# Directivo problem. CSI recording faulty 2 weeks straight.



## Nightfall (Sep 1, 2003)

New CSI fan here and I decided to start recording it on my Directivo. I have the new HDVR3 software and have never had a problem.

Last week, about 15 minutes into the show, I lost all sound. It seemed to happen at a point in the recording. I couldn't skip by the area and get to a point where there was sound. It just seems I lost it through the rest of the show.

I thought it was a fluke...

Tonight, my directivo recorded CSI again and this time 37 minutes in it reverted to slow motion and no sound. The picture would go for a second or two, then pause, go for a second or two, and then pause. It was like it wasn't getting a good video feed. Like internet video buffering if that makes any sense.

Now I am thinking it isn't a fluke.

Never had a problem with the directivo until now. CSI Miami records without a problem. Other shows don't have a problem either. I can't complain at all. These were the only two hiccups. Any ideas? Seen this before?


----------



## BrettStah (Feb 7, 2003)

I haven't yet watched CSI from last night, but I haven't seen those symptoms with previous episodes of it (or other shows). It could be a problem with your local CBS affiliate's feed to DirecTV only, or could be a problem with your DirecTivo only, which has coincidentally affected the same show twice. (Bad hard drive is a possible culprit).

Assuming my recording from last night is OK, I can dump a copy to a DVD+R and mail it to you... let me know if it's worth a few bucks to you for the disc, case, and shipping costs.


----------



## Nightfall (Sep 1, 2003)

BrettStah said:


> I haven't yet watched CSI from last night, but I haven't seen those symptoms with previous episodes of it (or other shows). It could be a problem with your local CBS affiliate's feed to DirecTV only, or could be a problem with your DirecTivo only, which has coincidentally affected the same show twice. (Bad hard drive is a possible culprit).
> 
> Assuming my recording from last night is OK, I can dump a copy to a DVD+R and mail it to you... let me know if it's worth a few bucks to you for the disc, case, and shipping costs.

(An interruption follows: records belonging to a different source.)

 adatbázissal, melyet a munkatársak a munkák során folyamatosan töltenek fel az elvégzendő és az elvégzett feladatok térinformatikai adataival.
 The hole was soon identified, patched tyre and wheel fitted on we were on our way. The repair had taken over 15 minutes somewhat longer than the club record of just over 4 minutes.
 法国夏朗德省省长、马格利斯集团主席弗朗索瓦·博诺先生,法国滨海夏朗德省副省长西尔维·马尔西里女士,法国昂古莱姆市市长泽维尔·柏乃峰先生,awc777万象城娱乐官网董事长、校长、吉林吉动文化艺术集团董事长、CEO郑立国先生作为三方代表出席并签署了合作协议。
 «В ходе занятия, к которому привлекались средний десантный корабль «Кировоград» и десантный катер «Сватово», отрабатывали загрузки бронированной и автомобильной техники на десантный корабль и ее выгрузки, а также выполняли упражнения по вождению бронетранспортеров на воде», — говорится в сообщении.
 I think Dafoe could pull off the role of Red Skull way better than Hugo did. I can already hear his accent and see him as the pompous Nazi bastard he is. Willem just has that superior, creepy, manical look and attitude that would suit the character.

Nah, I don't need the disc.

As for the Tivo being a problem, I don't think it is that. However, the Tivo is upgraded. I think I am going to record CSI on my other Tivo as well as the one in my living room. That way, if something fails, I can go to the other box to determine if it is the feed or the Tivo. Maybe there is a signal being sent down that is causing the Tivo to barf during the recording. Who knows.

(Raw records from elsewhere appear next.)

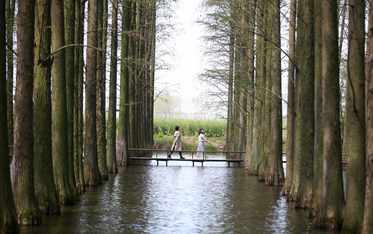 Tourists walk on the wooden bridge in the Luyanghu Wetland Park in Yangzhou, Jiangsu province, on April 5, 2021. [Photo/Sipa]
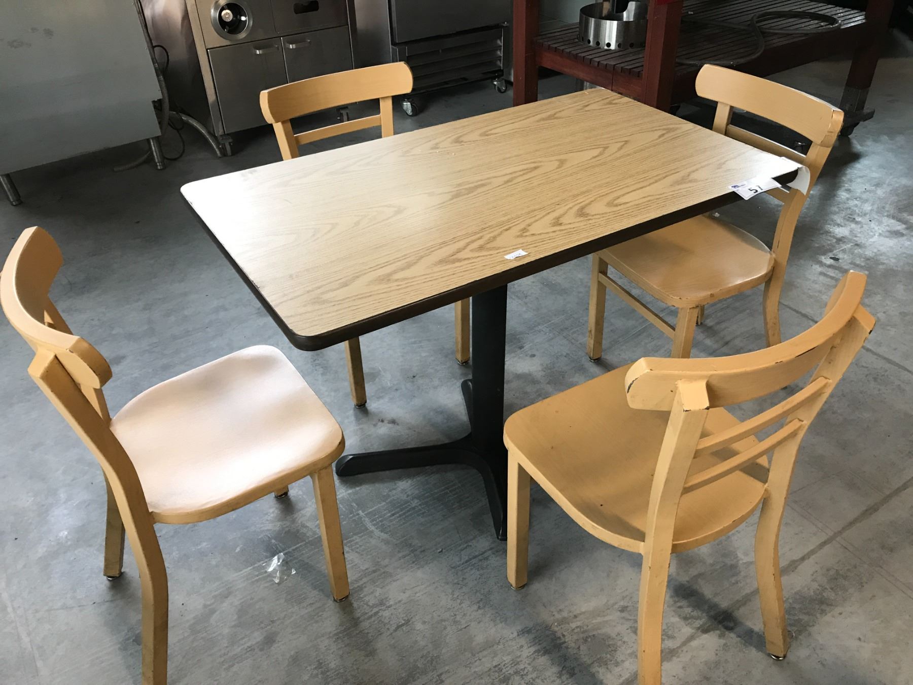 NATURAL OAK 3.5' X 2' BISTRO TABLE WITH 4 LIGHT WOOD GRAIN METAL BISTRO CHAIRS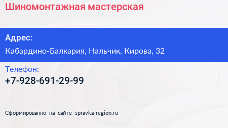 Шиномонтажная мастерская по адресу Кабардино-Балкария, Нальчик, Кирова, 32 в дальнейшем Организация, размещена в следующих категориях:

As for the bad drive, how can I check that. The Tivo functions normally. I checked the recording time and ran a diagnostic without an error.


----------



## bonscott87 (Jan 21, 2003)

I would have to lean toward a problem with your local station. I haven't seen any problems with CSI.

The Tivo board has a great TV Show section. I see no reports of any problems with CSI. http://www.tivocommunity.com/tivo-vb/forumdisplay.php?s=&forumid=31
You might want to post there with your location and what your station is and see if someone else that records off that station also has the same issues.

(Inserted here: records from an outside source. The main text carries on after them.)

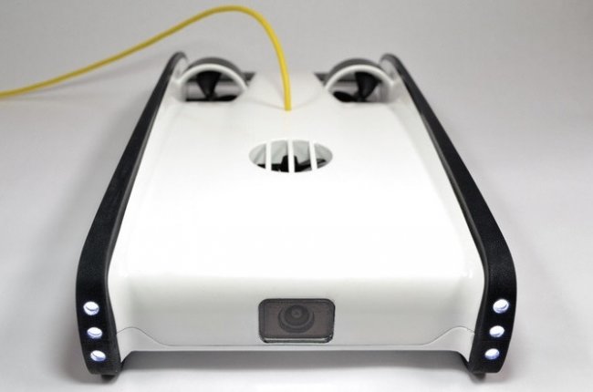 Компания называется «OpenROV Trident – подводный дрон для всех» и в ее рамках представлен мини-беспилотник, способный быстро перемещаться под водой и аккуратно маневрировать в недоступных для других средств пространствах. «Трезубец» имеет более гидропатическую форму в сравнении с предыдущей, 2012 года, версией беспилотника и компактные габариты (80 х 200 х 400 мм), позволяющие роботу «протиснуться» в практически любую расщелину.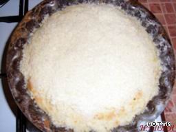 Через 20 мин. достать пирог из духовки и верх пирога засыпать штрейзелем,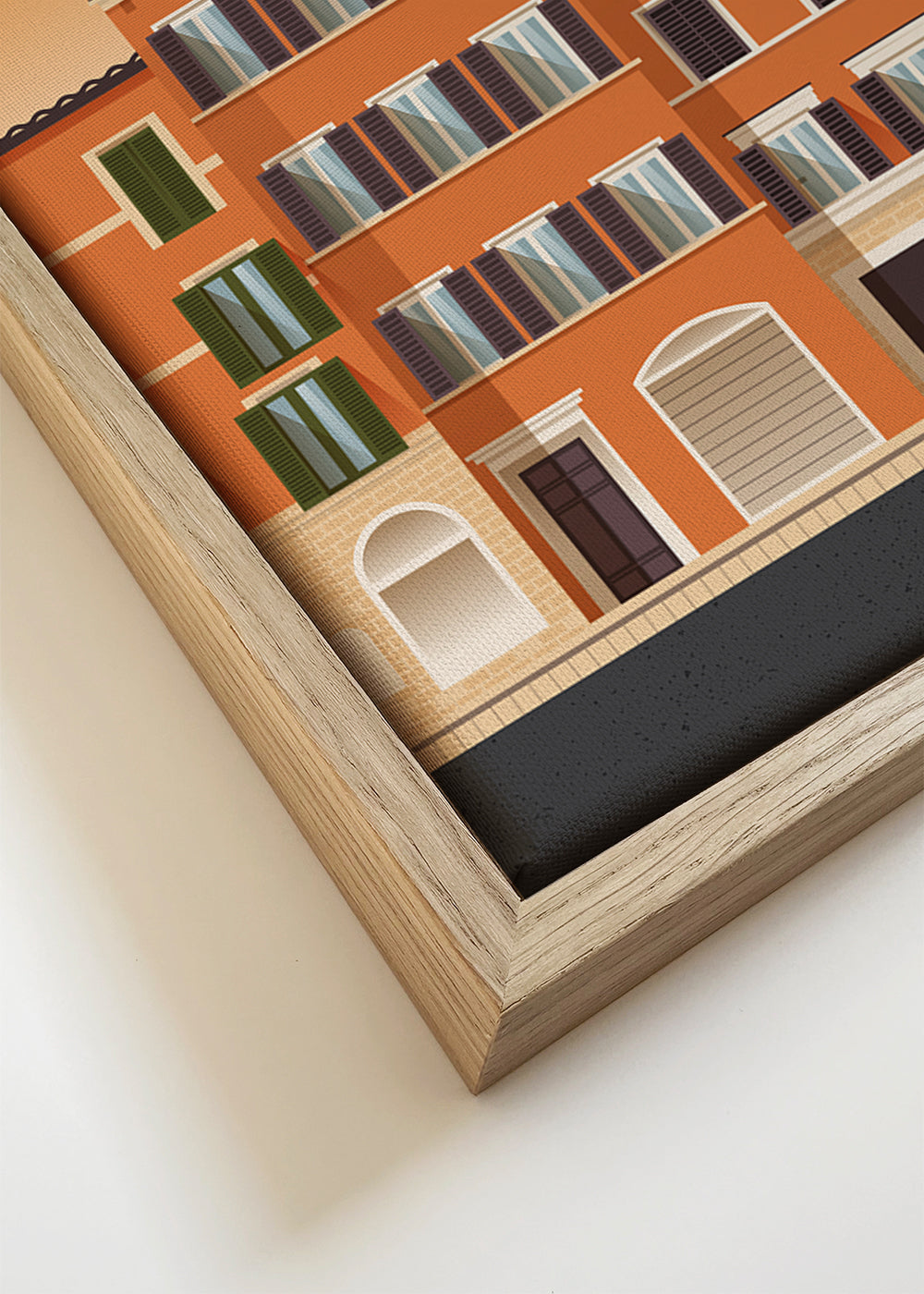 Wenn Sie die Passepartout-Option wählen, fügen wir die weiße matte Platte dem Rahmen hinzu und reduzieren das Design der Arbeit. Wählen Sie beispielsweise ein Druckformat 50x70 cm, mit eichenfarbenem Rahmen und Passepartout, reduzieren wir das Design des Druckes auf das bisherige Format (40x50cm). So passt es sich perfekt an das Innenfenster des Passepartouts an.

And if you record it on more then one Tivo yourself that will also help you determine if it's your station or your Tivo. Has to be one of those.


----------



## gor88 (May 9, 2003)

My TiVo failed to record CSI last night in Jackson, MS on WJTV channel 12. After checking the Recording History, it said that the episode was a duplicate that aired within the last 28 days, although I am not sure of this.

Was the CSI episode last night a new episode? If so, my TiVo goofed on it last night?


----------



## tripod76 (Sep 7, 2003)

gor88 said:


> My TiVo failed to record CSI last night in Jackson, MS on WJTV channel 12. After checking the Recording History, it said that the episode was a duplicate that aired within the last 28 days, although I am not sure of this.
> 
> Was the CSI episode last night a new episode? If so, my TiVo goofed on it last night?


I had the same problem, though I happened to be home and watched it in real-time.

Last night's episode was supposed to run a couple of weeks ago . . . when CBS pulled it for a rerun due to the playoffs/World Series. The guide information was never updated, so while the description was for a new episode, what was showing was a rerun.

Since the episode that aired last night had the same guide info as when it was supposed to run but didn't, TIVO saw it as a duplicate and didn't record.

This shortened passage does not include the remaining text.